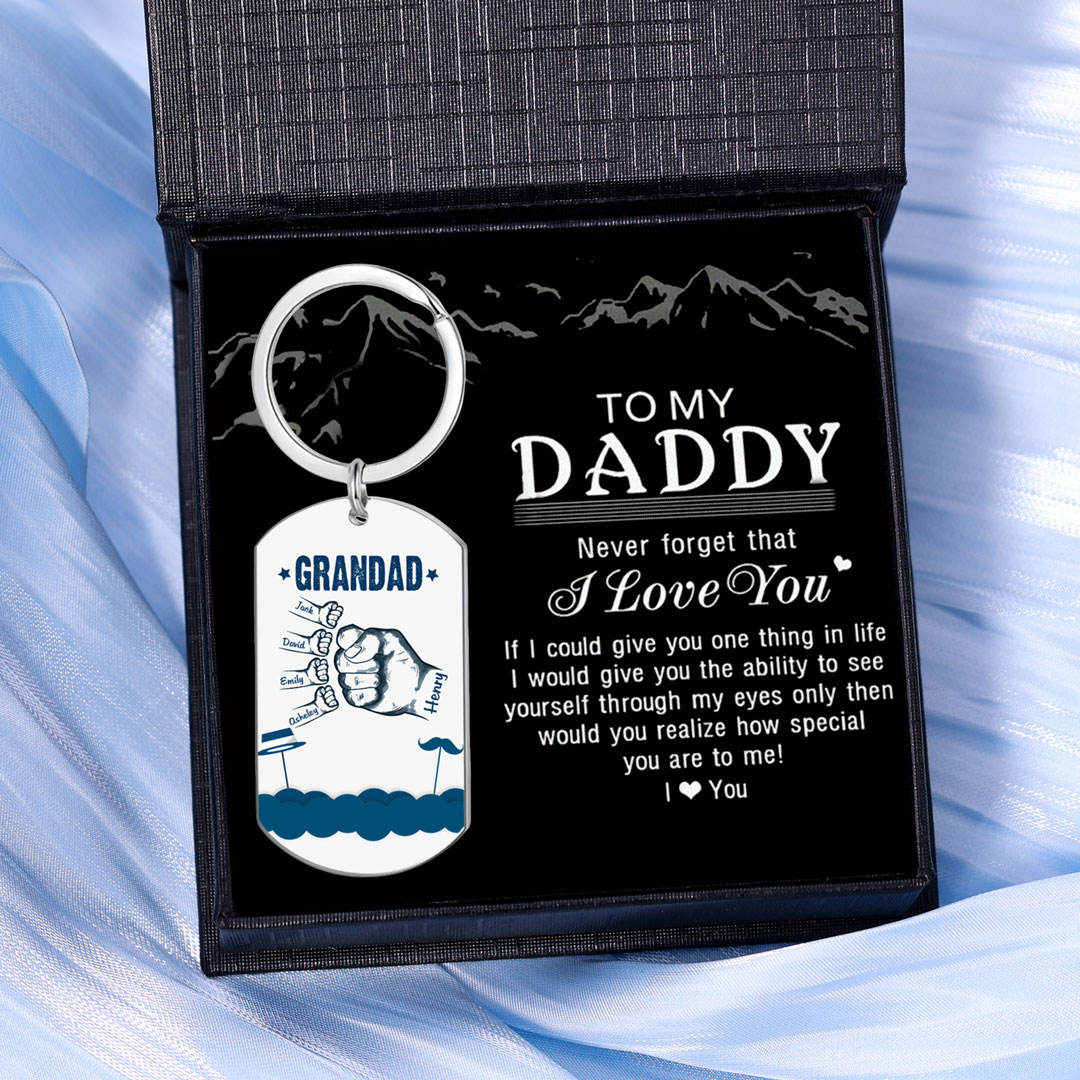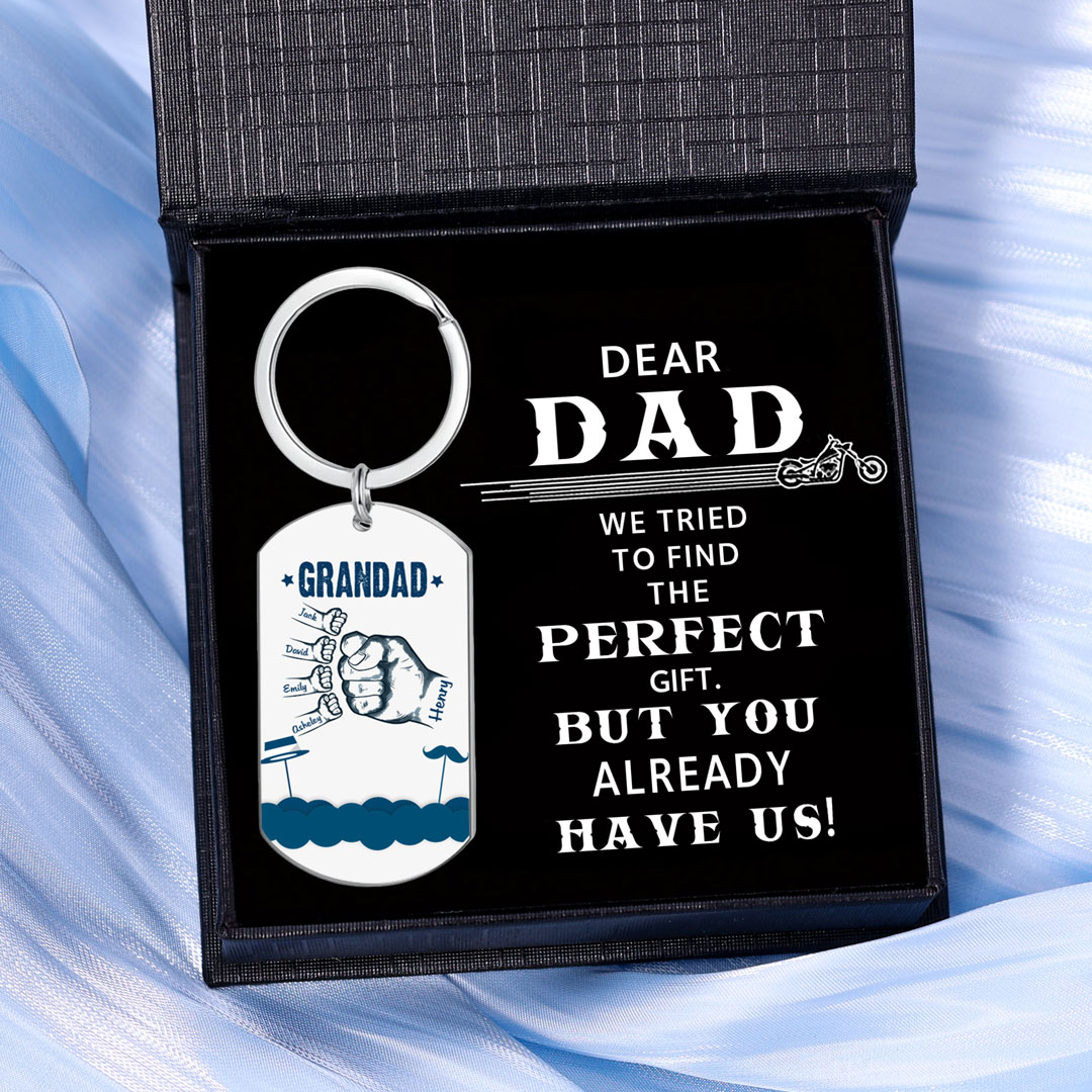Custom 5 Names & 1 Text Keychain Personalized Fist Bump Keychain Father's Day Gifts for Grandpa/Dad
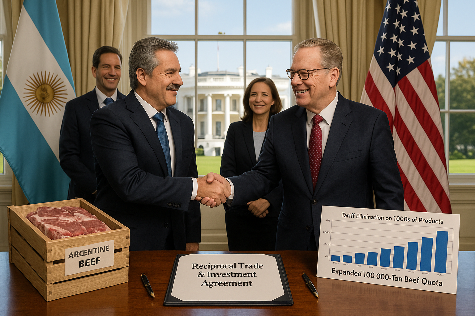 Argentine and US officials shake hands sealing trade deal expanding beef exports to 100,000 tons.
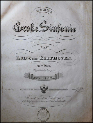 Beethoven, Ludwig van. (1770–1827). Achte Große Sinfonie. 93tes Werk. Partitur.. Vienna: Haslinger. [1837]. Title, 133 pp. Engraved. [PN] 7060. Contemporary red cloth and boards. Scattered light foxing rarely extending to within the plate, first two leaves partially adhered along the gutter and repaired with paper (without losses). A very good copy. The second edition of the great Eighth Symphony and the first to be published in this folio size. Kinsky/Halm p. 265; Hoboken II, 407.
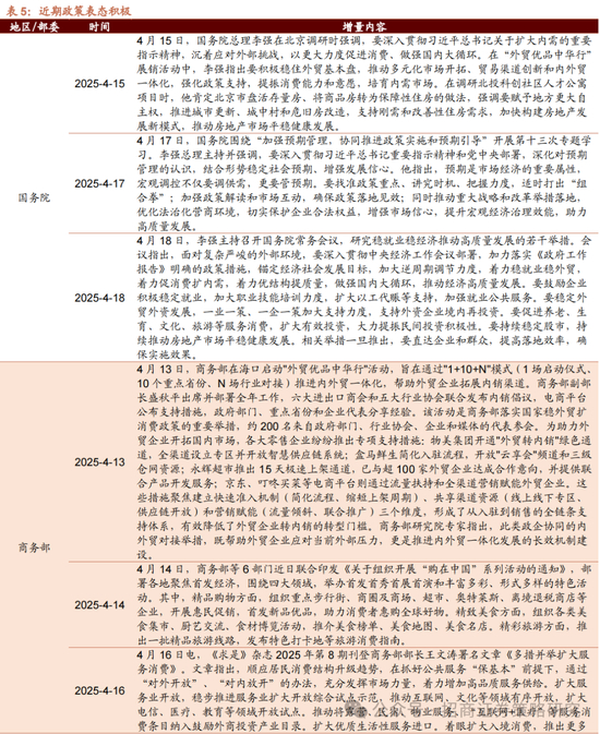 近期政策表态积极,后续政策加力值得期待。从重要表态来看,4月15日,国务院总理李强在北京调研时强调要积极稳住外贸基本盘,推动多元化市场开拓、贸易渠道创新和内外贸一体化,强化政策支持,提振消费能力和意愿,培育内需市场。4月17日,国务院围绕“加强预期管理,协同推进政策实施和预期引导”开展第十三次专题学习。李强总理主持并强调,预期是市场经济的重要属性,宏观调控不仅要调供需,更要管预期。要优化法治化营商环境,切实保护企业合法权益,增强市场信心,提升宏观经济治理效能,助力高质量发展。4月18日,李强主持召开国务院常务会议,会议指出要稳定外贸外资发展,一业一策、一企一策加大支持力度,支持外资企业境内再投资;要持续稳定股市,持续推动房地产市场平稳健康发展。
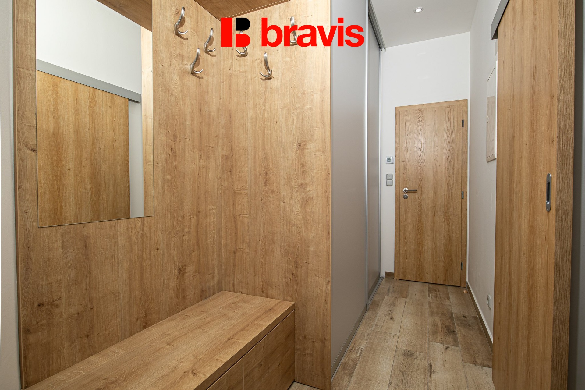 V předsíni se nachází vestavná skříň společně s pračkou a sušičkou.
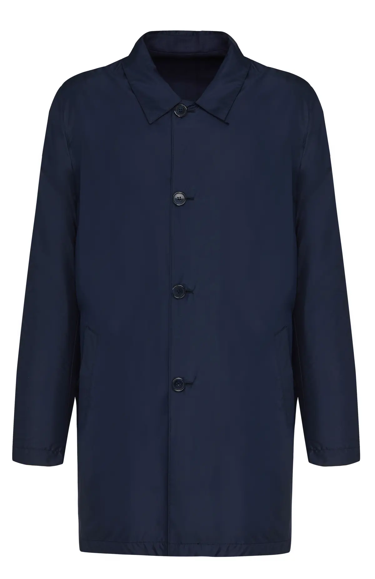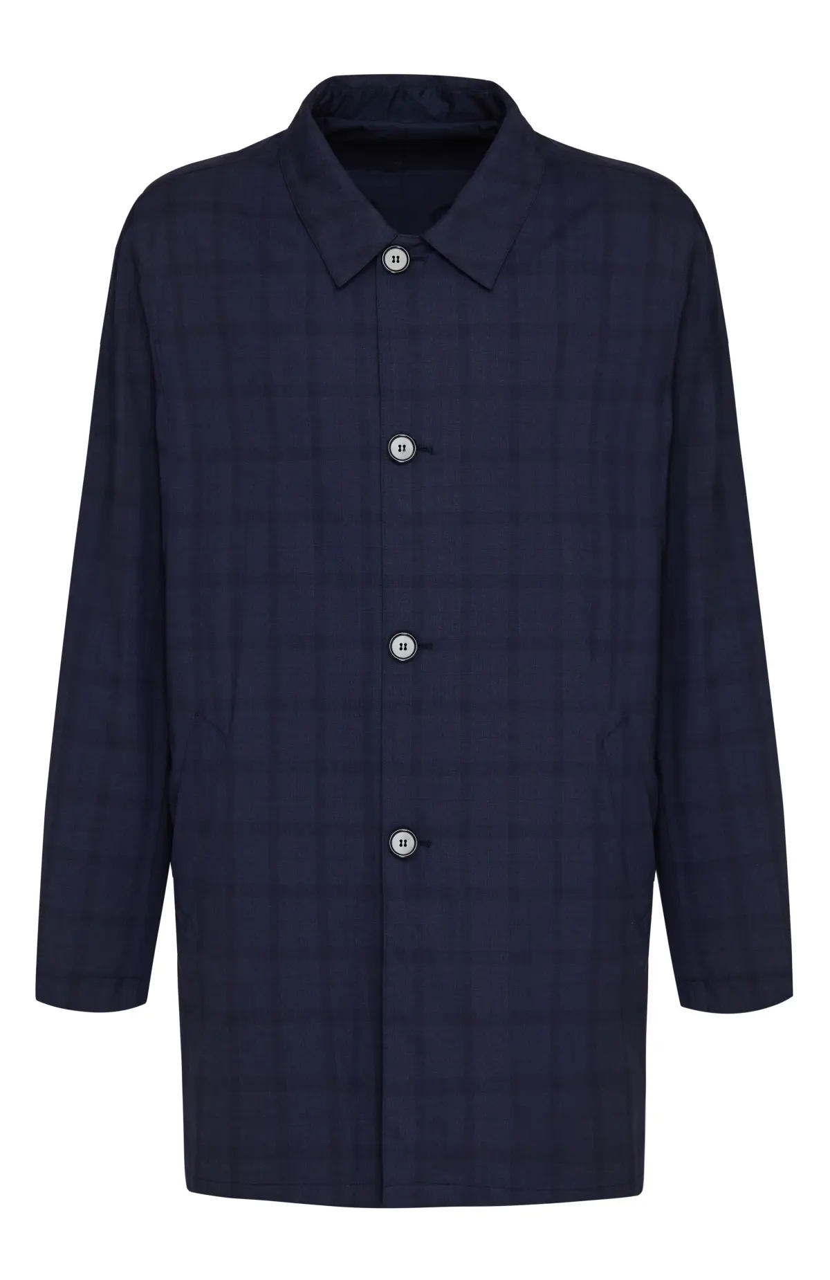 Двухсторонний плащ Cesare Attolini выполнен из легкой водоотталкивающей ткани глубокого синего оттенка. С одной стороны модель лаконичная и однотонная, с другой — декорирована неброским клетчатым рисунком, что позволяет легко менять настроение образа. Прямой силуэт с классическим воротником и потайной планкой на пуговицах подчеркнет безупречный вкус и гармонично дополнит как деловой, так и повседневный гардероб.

▶ [Exercise details] Pictures aside, write out verbatim every line from the first line of the material through the line holding "Argentine and US".

▶ [Result of this task]
Custom 5 Names & 1 Text Keychain Personalized Fist Bump Keychain Father's Day Gifts for Grandpa/Dad
 Argentine and US officials shake hands sealing trade deal expanding beef exports to 100,000 tons.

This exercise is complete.